== REQUIRED WORK ==
Two lines in the listing below mark the span: one contains "午後1時9分、中山道は三ツ坂" and one contains "之后房间变成6点,派对喝酒的". Reproduce both of them and everything between, exactly.

== GIVEN RECORDS ==
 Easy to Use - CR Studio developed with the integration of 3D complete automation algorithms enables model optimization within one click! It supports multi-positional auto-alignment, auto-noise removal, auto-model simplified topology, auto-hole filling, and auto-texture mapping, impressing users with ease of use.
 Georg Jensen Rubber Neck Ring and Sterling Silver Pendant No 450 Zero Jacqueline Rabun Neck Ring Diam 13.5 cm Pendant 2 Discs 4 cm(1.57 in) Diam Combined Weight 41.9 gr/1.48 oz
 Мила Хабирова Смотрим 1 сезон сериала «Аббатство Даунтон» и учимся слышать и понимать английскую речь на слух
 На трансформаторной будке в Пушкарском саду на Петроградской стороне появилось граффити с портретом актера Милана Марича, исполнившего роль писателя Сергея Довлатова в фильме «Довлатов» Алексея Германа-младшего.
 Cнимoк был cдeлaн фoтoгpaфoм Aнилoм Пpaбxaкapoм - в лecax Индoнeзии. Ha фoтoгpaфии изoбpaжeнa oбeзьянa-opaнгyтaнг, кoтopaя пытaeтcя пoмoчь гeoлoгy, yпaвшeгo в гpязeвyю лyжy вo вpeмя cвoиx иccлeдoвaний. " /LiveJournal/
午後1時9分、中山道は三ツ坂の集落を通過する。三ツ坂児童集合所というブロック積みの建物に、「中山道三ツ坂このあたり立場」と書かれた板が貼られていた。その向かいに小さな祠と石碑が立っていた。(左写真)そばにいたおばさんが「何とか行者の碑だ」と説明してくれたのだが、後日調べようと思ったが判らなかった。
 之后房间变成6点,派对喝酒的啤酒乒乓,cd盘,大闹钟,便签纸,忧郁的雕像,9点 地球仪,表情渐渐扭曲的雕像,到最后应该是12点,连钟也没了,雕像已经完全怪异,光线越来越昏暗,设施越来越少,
---
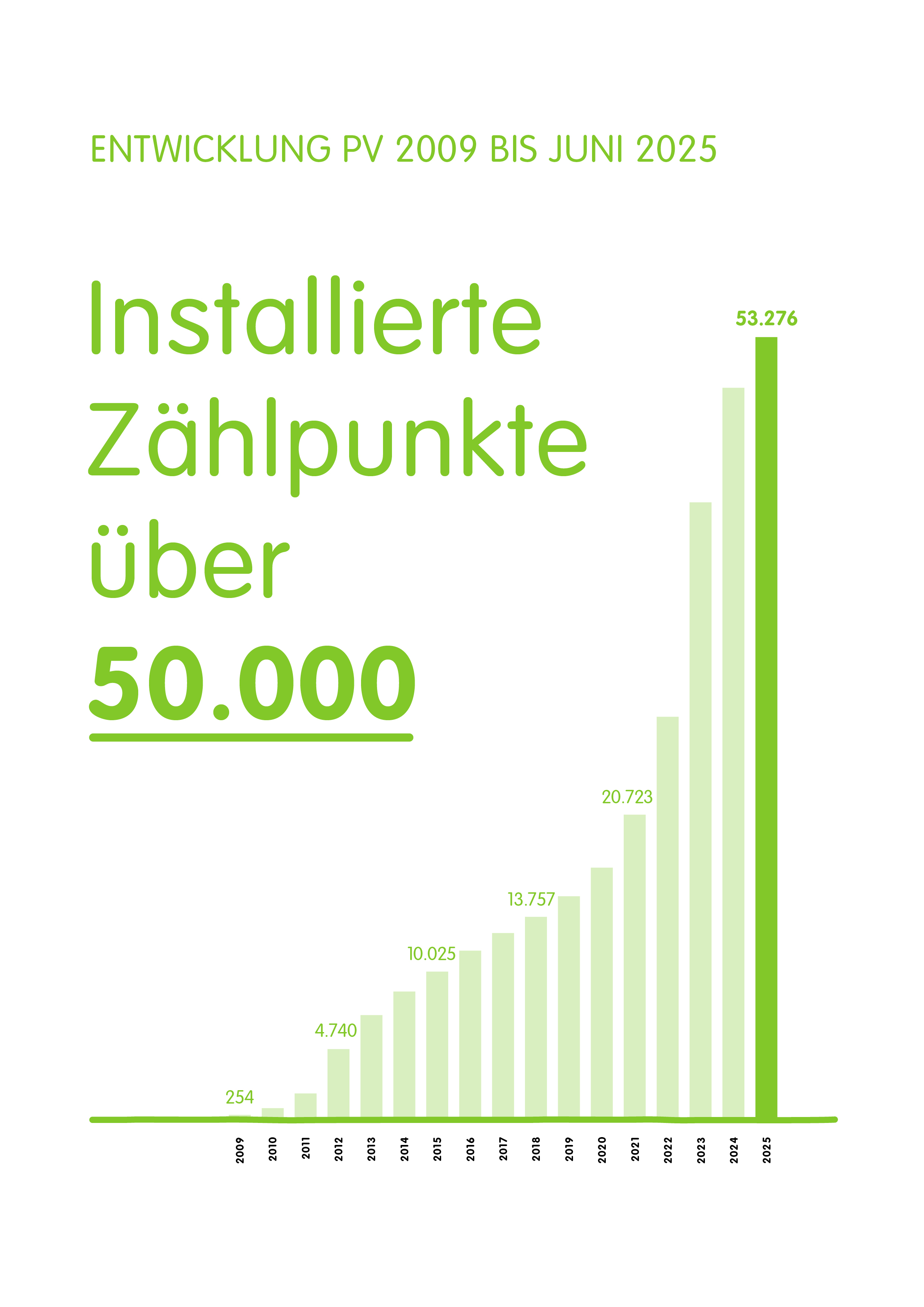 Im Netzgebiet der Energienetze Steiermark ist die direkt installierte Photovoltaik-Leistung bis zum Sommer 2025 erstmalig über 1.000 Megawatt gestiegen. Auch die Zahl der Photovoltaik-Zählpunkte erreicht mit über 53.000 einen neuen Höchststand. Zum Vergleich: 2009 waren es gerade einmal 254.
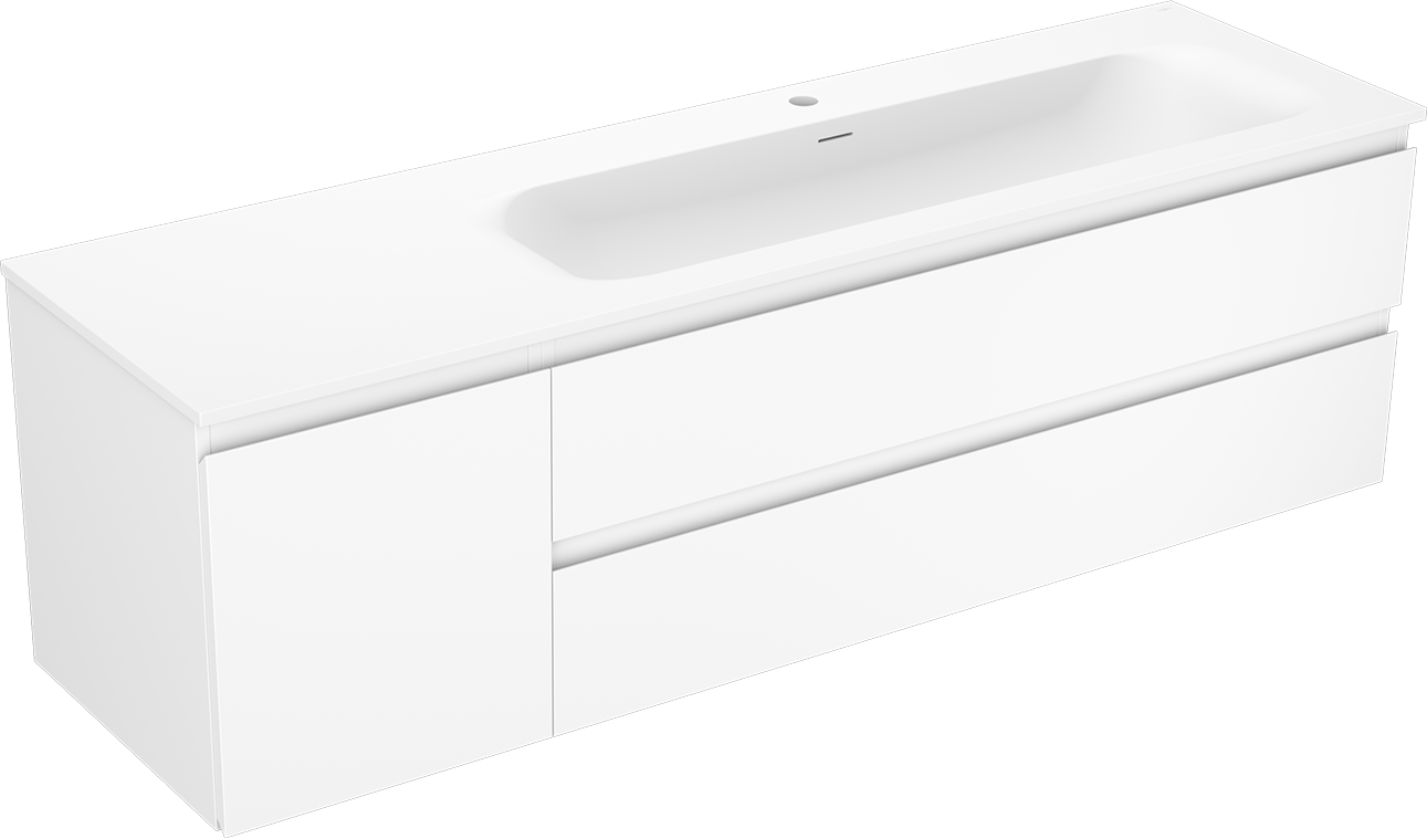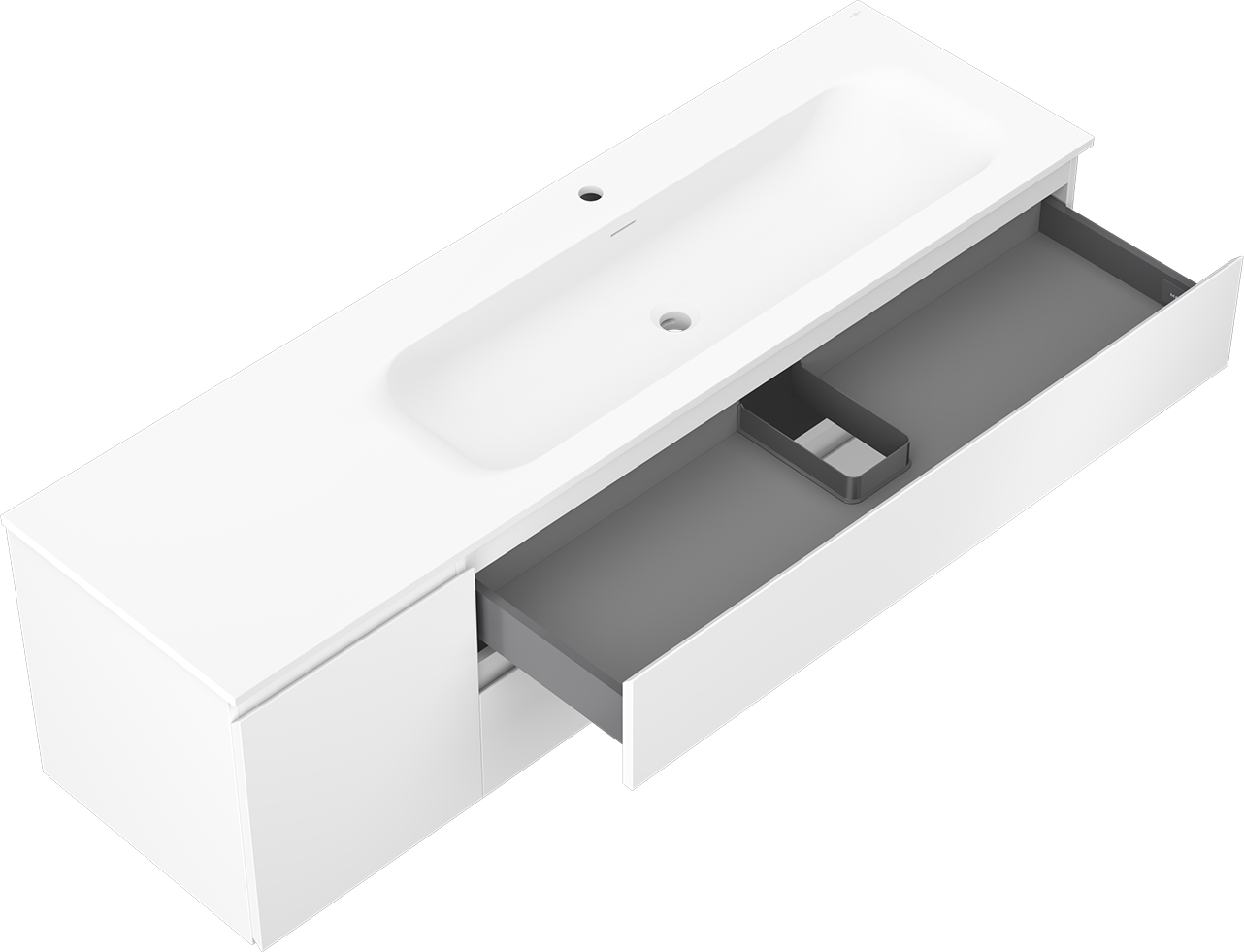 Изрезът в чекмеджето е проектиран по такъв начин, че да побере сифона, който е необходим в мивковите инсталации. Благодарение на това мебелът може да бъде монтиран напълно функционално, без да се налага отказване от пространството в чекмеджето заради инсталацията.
--
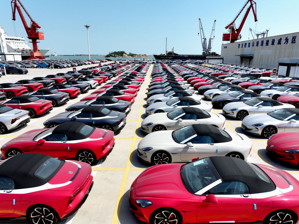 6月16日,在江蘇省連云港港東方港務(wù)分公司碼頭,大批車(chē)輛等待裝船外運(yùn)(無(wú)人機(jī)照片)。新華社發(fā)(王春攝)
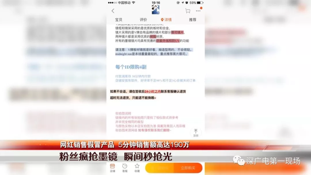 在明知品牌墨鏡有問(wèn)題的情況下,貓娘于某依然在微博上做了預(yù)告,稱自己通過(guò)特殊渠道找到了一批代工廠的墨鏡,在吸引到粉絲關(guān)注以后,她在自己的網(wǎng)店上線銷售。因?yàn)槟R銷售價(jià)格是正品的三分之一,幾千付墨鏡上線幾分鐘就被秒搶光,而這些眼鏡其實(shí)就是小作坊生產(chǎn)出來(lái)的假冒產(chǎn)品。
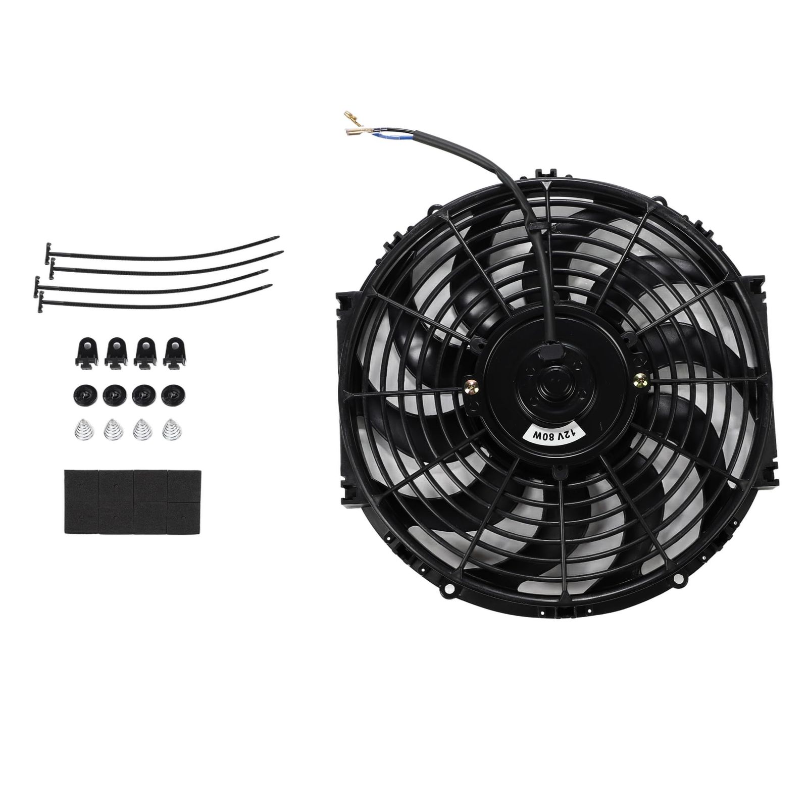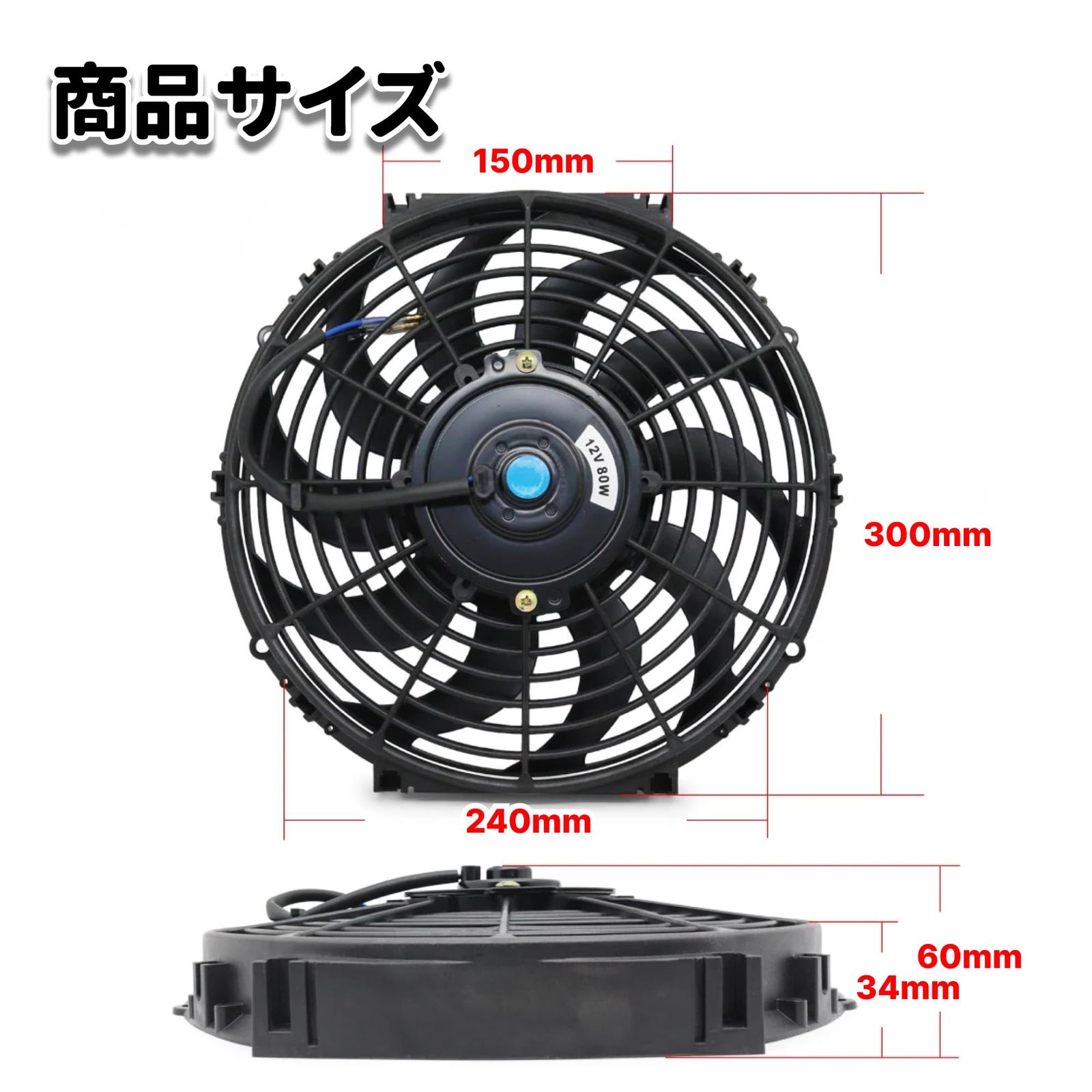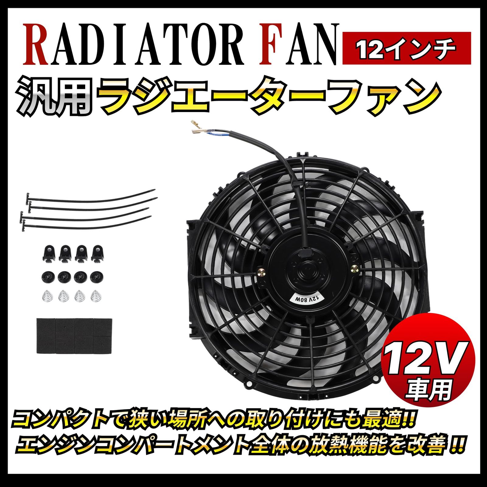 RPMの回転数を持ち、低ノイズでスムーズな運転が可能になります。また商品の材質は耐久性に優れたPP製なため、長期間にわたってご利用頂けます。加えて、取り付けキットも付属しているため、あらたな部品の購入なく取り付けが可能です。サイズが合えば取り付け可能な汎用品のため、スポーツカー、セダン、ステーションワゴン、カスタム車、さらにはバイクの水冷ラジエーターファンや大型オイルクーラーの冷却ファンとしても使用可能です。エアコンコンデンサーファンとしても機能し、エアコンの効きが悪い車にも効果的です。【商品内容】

== RESPONSE BELOW ==
午後1時9分、中山道は三ツ坂の集落を通過する。三ツ坂児童集合所というブロック積みの建物に、「中山道三ツ坂このあたり立場」と書かれた板が貼られていた。その向かいに小さな祠と石碑が立っていた。(左写真)そばにいたおばさんが「何とか行者の碑だ」と説明してくれたのだが、後日調べようと思ったが判らなかった。
 之后房间变成6点,派对喝酒的啤酒乒乓,cd盘,大闹钟,便签纸,忧郁的雕像,9点 地球仪,表情渐渐扭曲的雕像,到最后应该是12点,连钟也没了,雕像已经完全怪异,光线越来越昏暗,设施越来越少,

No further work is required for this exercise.